## [TASK]
Output, exactly as written, the lines below from the one that has "现在我们找到了用户D和E买过" through the one that has "腰帶男帆布雙環扣皮帶年輕人牛仔工裝褲簡約女簡約學生潮流"; nothing else, and no pictures.

## [DATA IN THIS EXERCISE]
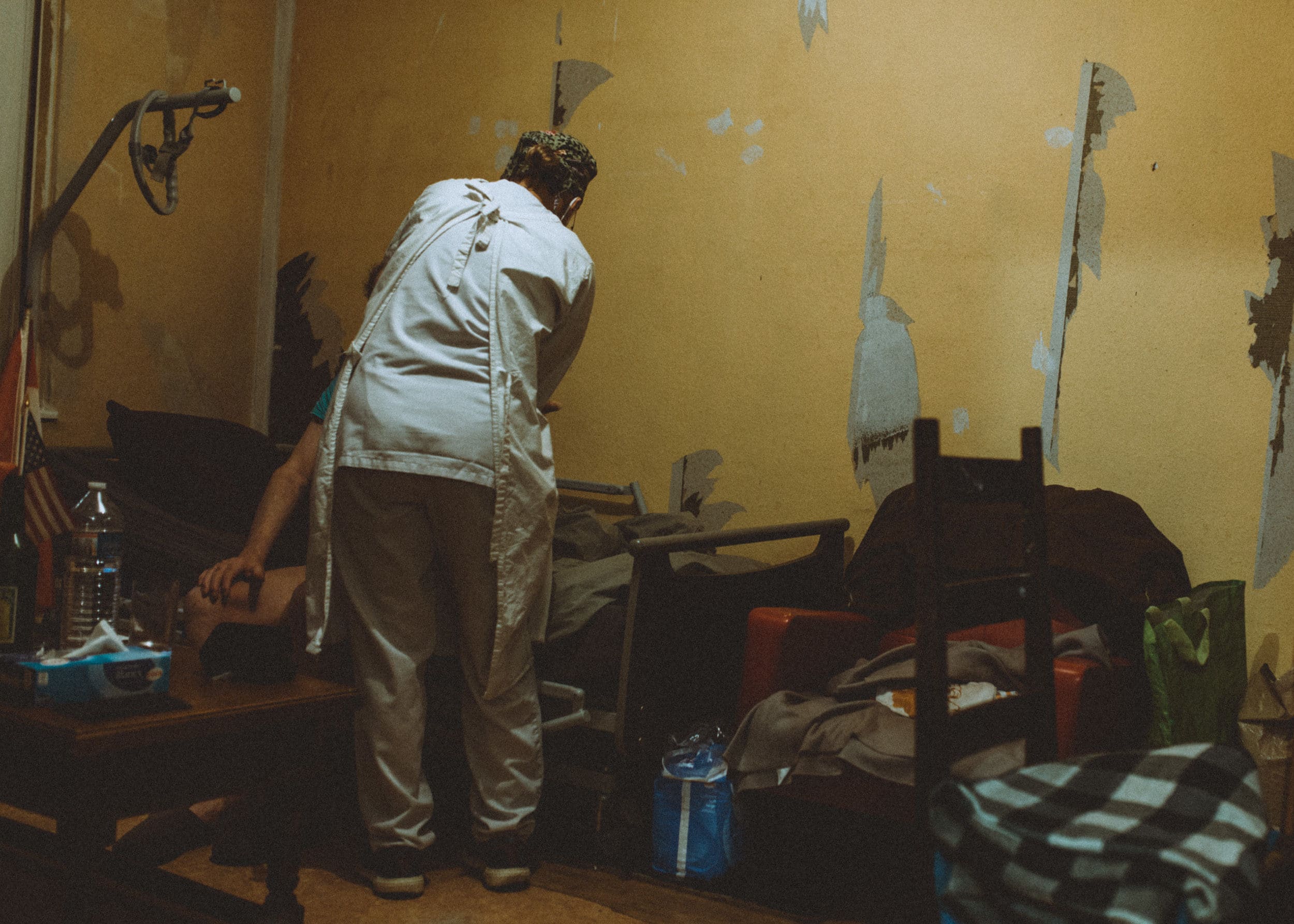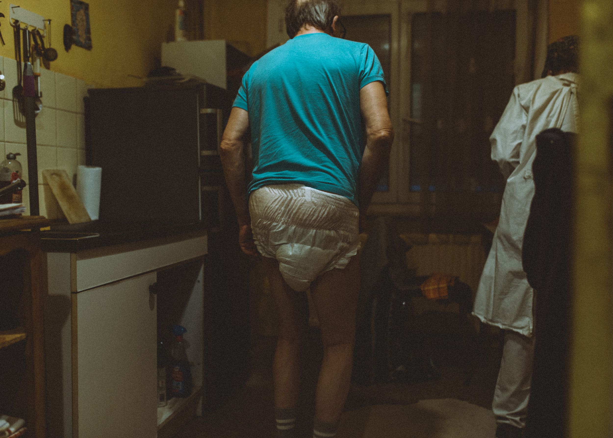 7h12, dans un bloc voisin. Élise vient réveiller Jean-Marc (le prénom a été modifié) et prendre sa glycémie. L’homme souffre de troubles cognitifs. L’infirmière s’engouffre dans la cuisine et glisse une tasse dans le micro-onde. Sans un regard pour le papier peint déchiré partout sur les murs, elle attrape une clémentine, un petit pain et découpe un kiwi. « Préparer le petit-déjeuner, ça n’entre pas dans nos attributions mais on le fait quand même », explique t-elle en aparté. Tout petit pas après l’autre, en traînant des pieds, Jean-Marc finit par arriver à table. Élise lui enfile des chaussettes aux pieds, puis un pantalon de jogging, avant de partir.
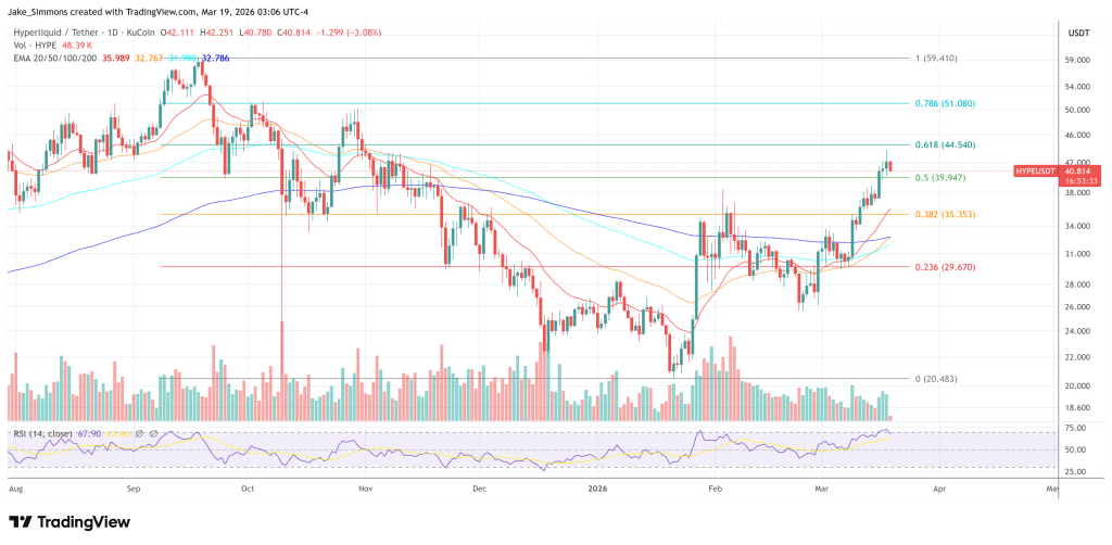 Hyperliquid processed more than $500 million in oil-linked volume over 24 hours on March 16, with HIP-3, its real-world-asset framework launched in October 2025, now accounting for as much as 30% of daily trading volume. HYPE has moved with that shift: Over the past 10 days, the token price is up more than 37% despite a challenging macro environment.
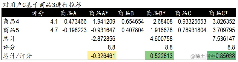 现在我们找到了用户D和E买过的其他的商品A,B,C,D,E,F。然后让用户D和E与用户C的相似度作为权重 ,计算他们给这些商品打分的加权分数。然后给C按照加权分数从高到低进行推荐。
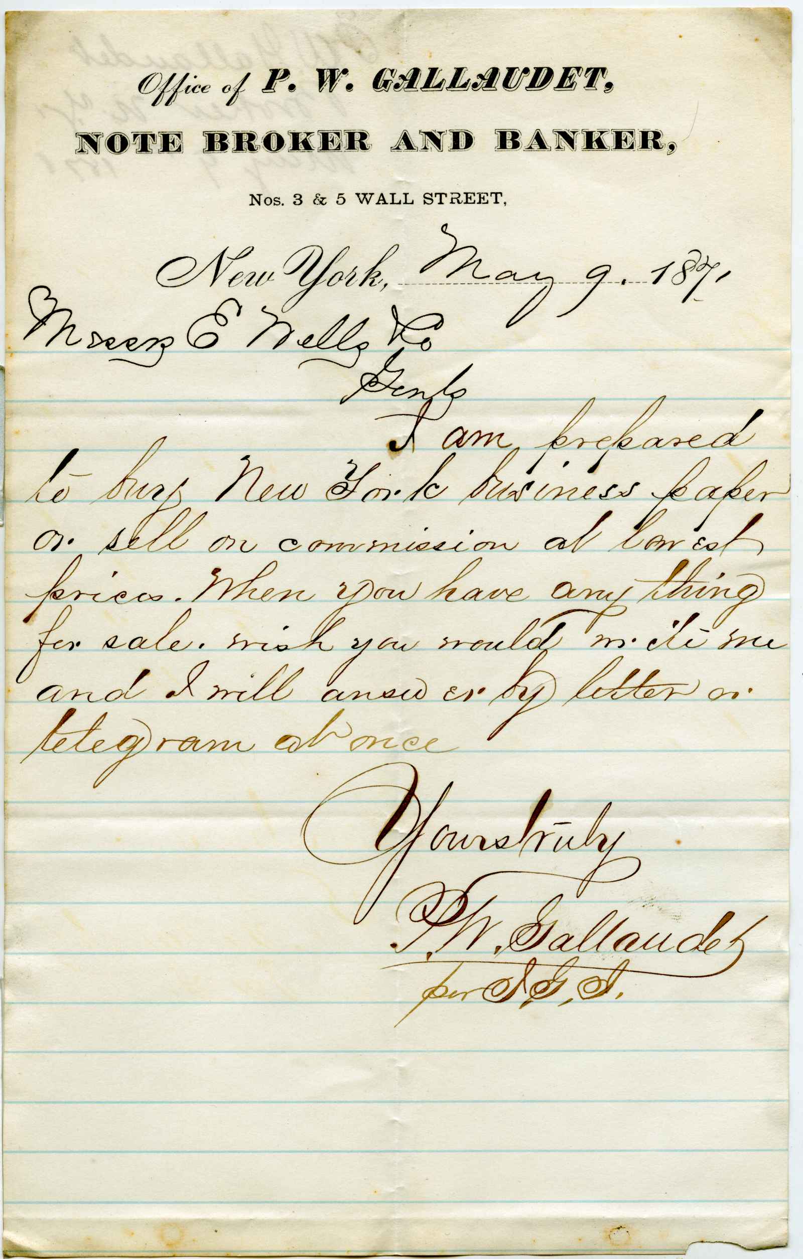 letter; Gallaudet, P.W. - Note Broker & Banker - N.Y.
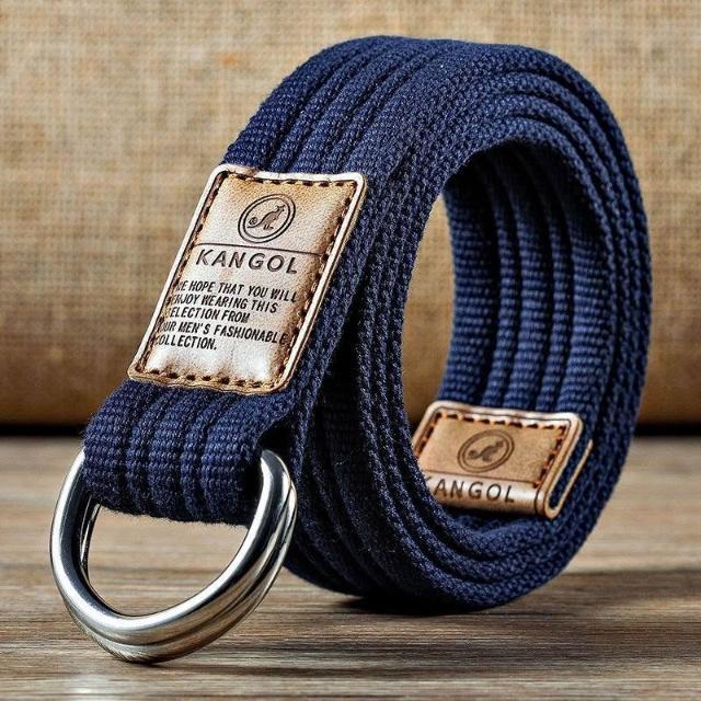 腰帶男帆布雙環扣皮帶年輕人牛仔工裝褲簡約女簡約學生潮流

...

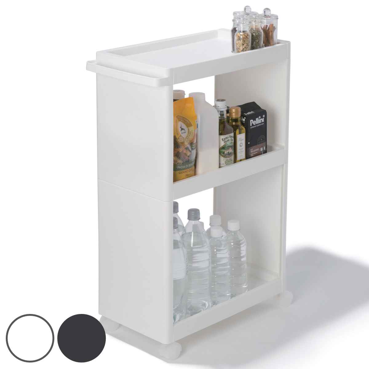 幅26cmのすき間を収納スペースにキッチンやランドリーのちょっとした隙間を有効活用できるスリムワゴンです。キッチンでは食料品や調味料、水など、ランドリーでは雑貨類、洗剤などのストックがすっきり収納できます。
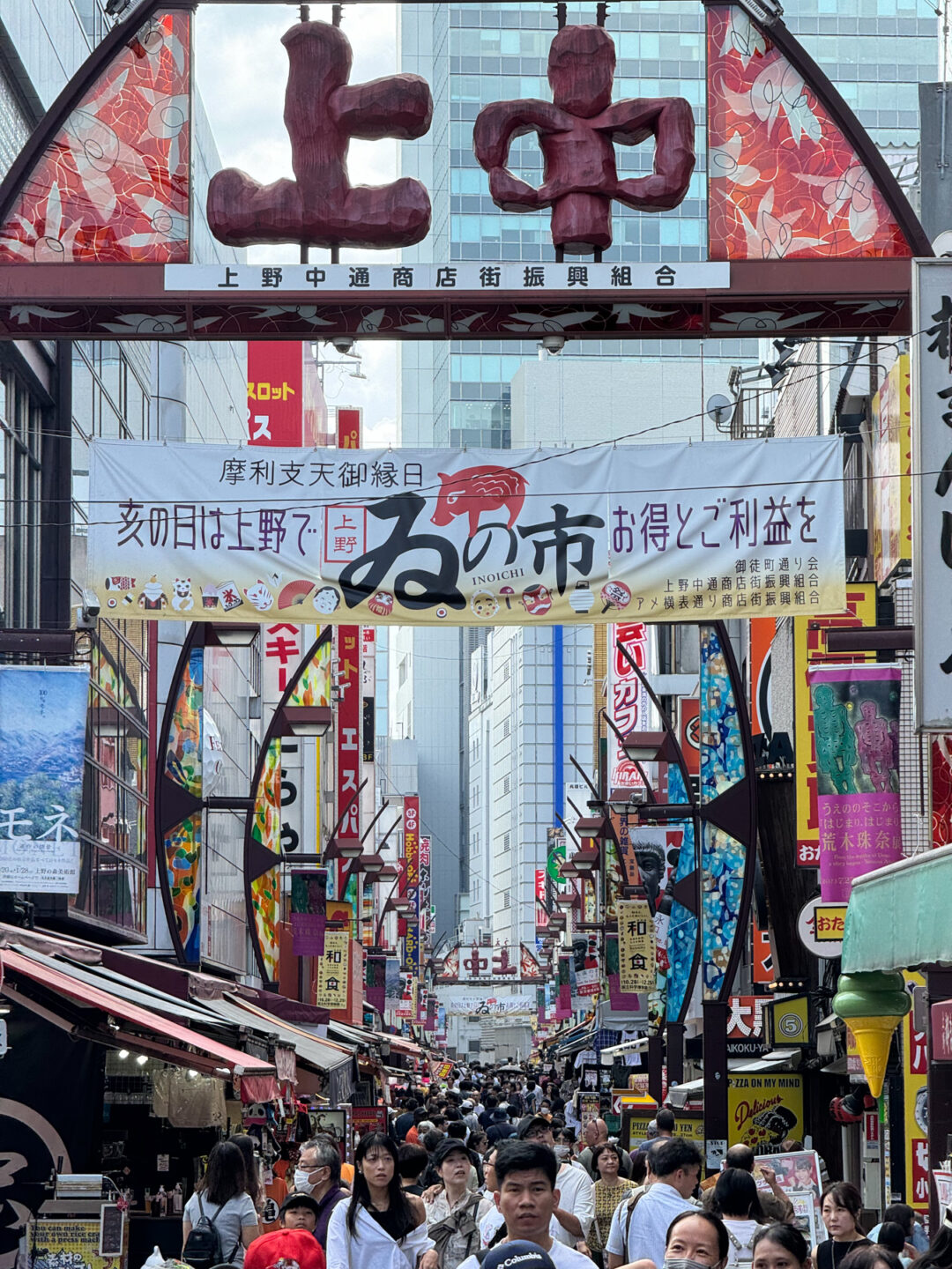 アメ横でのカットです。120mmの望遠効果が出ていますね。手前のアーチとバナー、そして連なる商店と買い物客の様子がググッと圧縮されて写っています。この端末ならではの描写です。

* * *

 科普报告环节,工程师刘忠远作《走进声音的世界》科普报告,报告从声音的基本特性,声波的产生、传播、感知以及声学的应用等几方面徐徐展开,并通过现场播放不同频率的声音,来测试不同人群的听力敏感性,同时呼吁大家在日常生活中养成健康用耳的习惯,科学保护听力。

## [WRITTEN RESPONSE]
 现在我们找到了用户D和E买过的其他的商品A,B,C,D,E,F。然后让用户D和E与用户C的相似度作为权重 ,计算他们给这些商品打分的加权分数。然后给C按照加权分数从高到低进行推荐。
 letter; Gallaudet, P.W. - Note Broker & Banker - N.Y.
 腰帶男帆布雙環扣皮帶年輕人牛仔工裝褲簡約女簡約學生潮流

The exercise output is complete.